小树打开油布包,里面是一本薄薄的册子,纸张泛黄,边角磨损,显然有些年头了。

封面上,没有字,只画着一把刀。

一把很奇怪的刀,刀身狭长,刀尖微微上翘,刀柄上缠着黑色的布。

“这是……”

“我毕生所学。”老猎户说,“刀法,箭术,追踪,陷阱,还有……一些江湖上的规矩,人心的险恶,都记在里面了。本来想等你再大点给你,现在……提前了。”

小树的手在颤抖。

“师傅……”

“别哭。”老猎户伸手,粗糙的大手抹去小树眼角的泪,“男儿有泪不轻弹。记着,以后,你就是一家之主了。照顾好你娘,照顾好自己。这本册子,好好学,但别轻易在人前显露。江湖险恶,有时候,本事越大,死得越快。”

“师傅……”小树的声音哽咽了。

“还有这个。”老猎户又从怀里掏出一块玉佩,塞进小树手里。

玉佩是白色的,温润通透,上面刻着一个“林”字。

“这是我当年在黑风寨时,一个兄弟给我的。他姓林,是江南人,后来……死在寨子那场火并里。这玉佩,是他家传的。你拿着,以后如果有机会去江南,遇到姓林的,就还给他们。如果遇不到……就留着,当个念想。”

小树紧紧握着玉佩,握得手心生疼。

“师傅,您别说了……您跟我一起走,咱们一起进山,等风声过了再出来……”

“傻孩子。
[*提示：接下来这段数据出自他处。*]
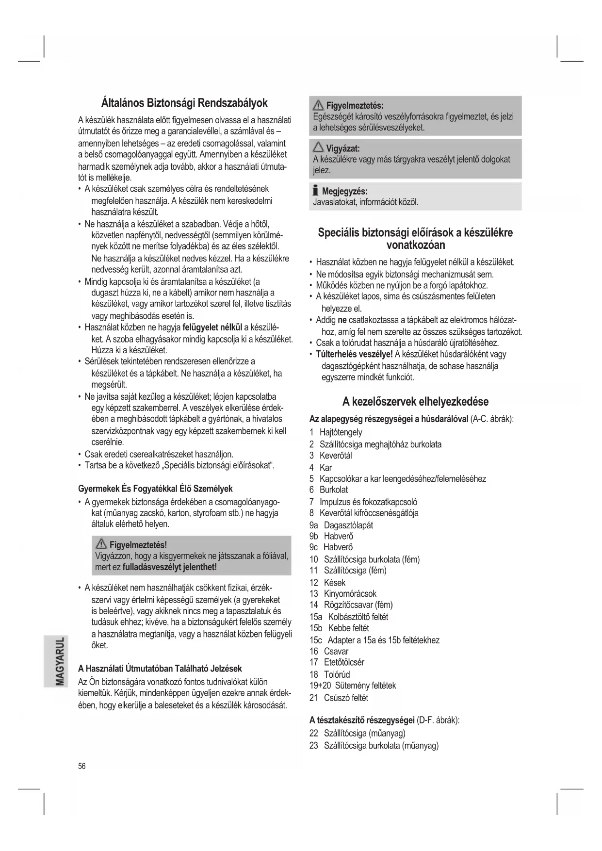 - Túlterhelés veszélye! A készüléket húsdarálóként vagy dagasztógépként használhatja, de sohase használja egyszerre mindkét funkciót. A kezelőszervek elhelyezkedése Az alapegység részegységei a húsdarálóval (A-C. ábrák): 1 Hajtótengely 2 Szállítócsiga meghajtóház burkolata 3 Keverőtál 4 Kar 5 Kapcsolókar a kar leengedéséhez/felemeléséhez 6 Burkolat 7 Impulzus és fokozatkapcsoló 8 Keverőtál kifröccsenésgátlója 9a Dagasztólapát 9b Habverő 9c Habverő 10 Szállítócsiga burkolata (fém) 11 Szállítócsiga (fém) 12 Kések 13 Kinyomórácsok 14 Rögzítőcsavar (fém) 15a Kolbásztöltő feltét 15b Kebbe feltét 15c Adapter a 15a és 15b feltétekhez 16 Csavar 17 Etetőtölcsér 18 Tolórúd 19+20 Sütemény feltétek 21 Csúszó feltét A tésztakészítő részegységei (D-F. ábrák): 22 Szállítócsiga (műanyag) 23 Szállítócsiga burkolata (műanyag)57 24 Rögzítőcsavar (műanyag) 25 Lasagna tésztaforma 26 Makaróni/penne tésztaforma 27 Tagliatelle tésztaforma 28 Vastag spagetti tésztaforma 29 Vékony spagetti tésztaforma Mixer részegységei (G. ábra): 30 Keverőtartály fedele a beöntőnyílással 31 Fedél beöntőnyílása 32 Keverőtartály 33 Rögzítőmechanizmus késkészlettel A csomag tartalma 1 X Dagasztó/mixer alapegység 1 X Keverőtál 1 X Kifröccsenésgátló etetőtölcsérrel 1 X Dagasztólapát 1 X Habverő 1 X Habverő 1 X Szállítócsiga burkolata 1 X Szállítócsiga 1 X Kés 3 X Kinyomórács 1 X Rögzítőcsavar 1 X Kolbász feltét 1 X Kebbe feltét 1 X Adapter a kolbász/kebbe feltéthez 1 X Csavar 1 X Etetőtölcsér 1 X Tolórúd 1 X Sütemény feltét, 3 darabos 1 X Szállítócsiga (műanyag) 1 X Szállítócsiga burkolata (műanyag) 1 X Rögzítőcsavar (műanyag) 1 X Lasagna tésztaforma 1 X Makaróni/penne tésztaforma 1 X Tagliatelle tésztaforma 1 X Vastag spagetti tésztaforma 1 X Vékony spagetti tésztaforma 1 X Fedél beöntőnyílással 1 X Keverőtartály fedele beöntőnyílással 1 X Keverőtartály Nincs ábra 1 X Tárolódoboz 1 X Eszköz a tésztakészítő mechanizmus rögzítéséhez Használati útmutató - keverőtál
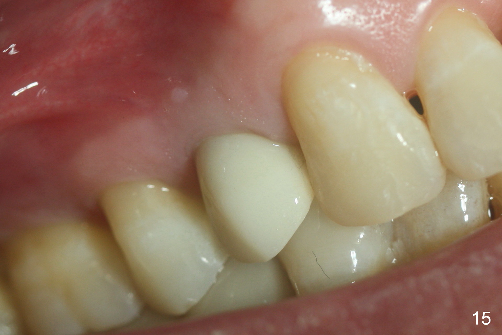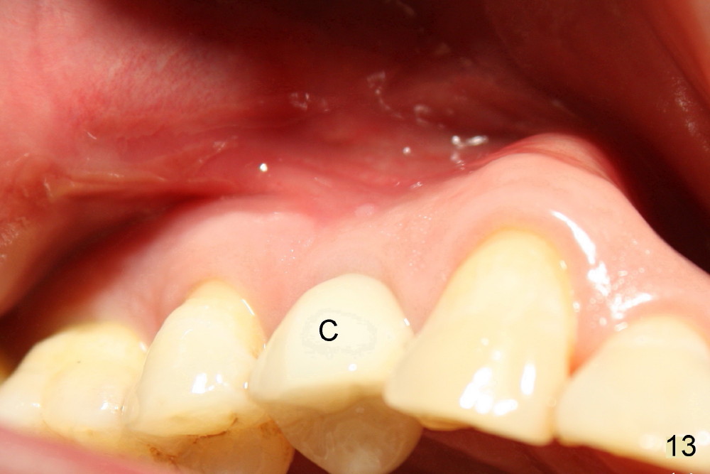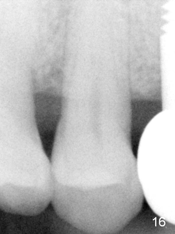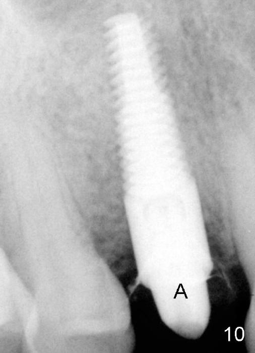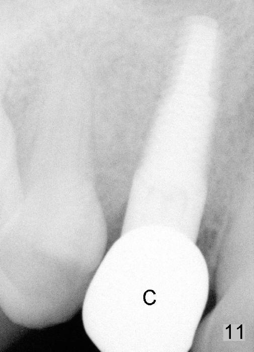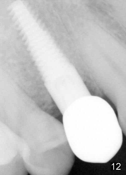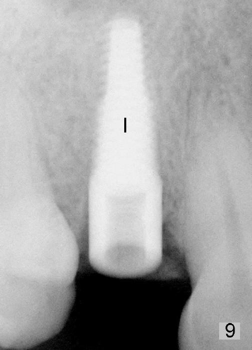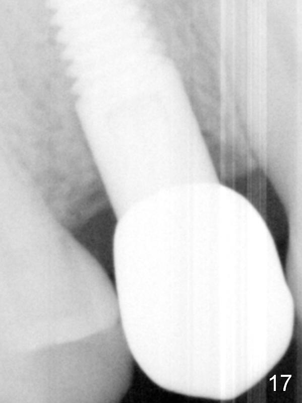 The patient returns 6 months postop for impression of a permanent restoration. The gingiva with knife-edged papillae adapts to the provisional (Fig.7). The gingiva looks healthy when the provisional is removed (Fig.8). The buccal bone resorption seems to be minimal, as compared to Fig.1,2. There is no bone loss between immediately postop (Fig.9 I; implant), 4.5 months postop (Fig.10 A: abutment), 4 and 7 months post cementation (Fig.11,12 C: crown). Soft and hard tissue morphology remains normal 7 months post cementation (Fig.13). No bone loss is observed 15 months post cementation (Fig.14). The papillae (Fig.15) and bone (Fig.16,17) remain stable 29 months post cementation.
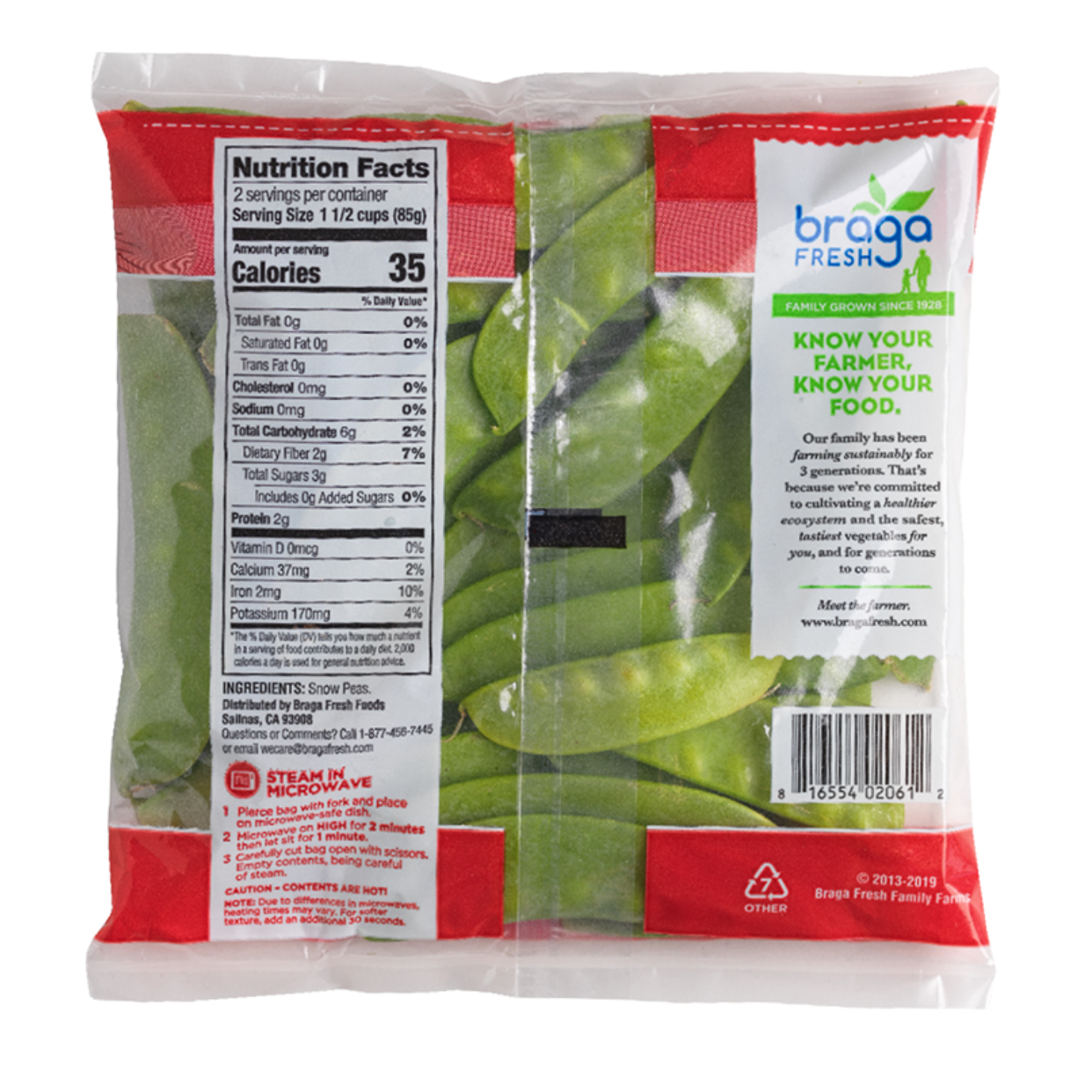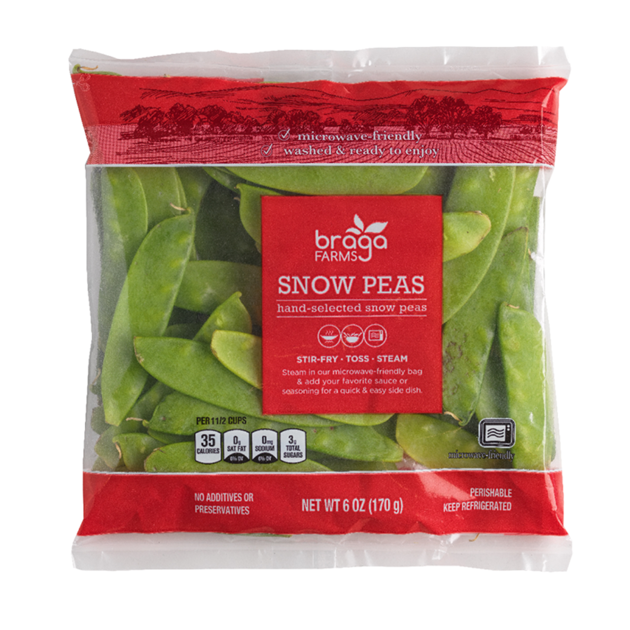Snow peas are packed with vitamins A and C, iron, potassium, dietary fiber, magnesium, folic acid and small levels of healthy fats.

”老猎户笑了,那笑容里有无奈,有苦涩,也有释然,“我要是走了,影门的人会追到山里。到时候,死的就不止我一个了。我留下,拖住他们,给你们争取时间。这是最好的办法。”

“可您一个人……”

“谁说我一个人?”老猎户突然眨了眨眼。

小树一愣。

“您……”

“我在这村里住了十几年,你以为,我就没留点后手?”老猎户压低声音,“后山那个山洞,洞口我做了布置。村里几条进出的路,我也都埋了东西。影门的人要是敢追进山,够他们喝一壶的。”

“可是……”

“别可是了。”老猎户拍拍小树的肩膀,“去吧,帮你李叔收拾东西,照顾好你娘。天亮之前,必须出发。”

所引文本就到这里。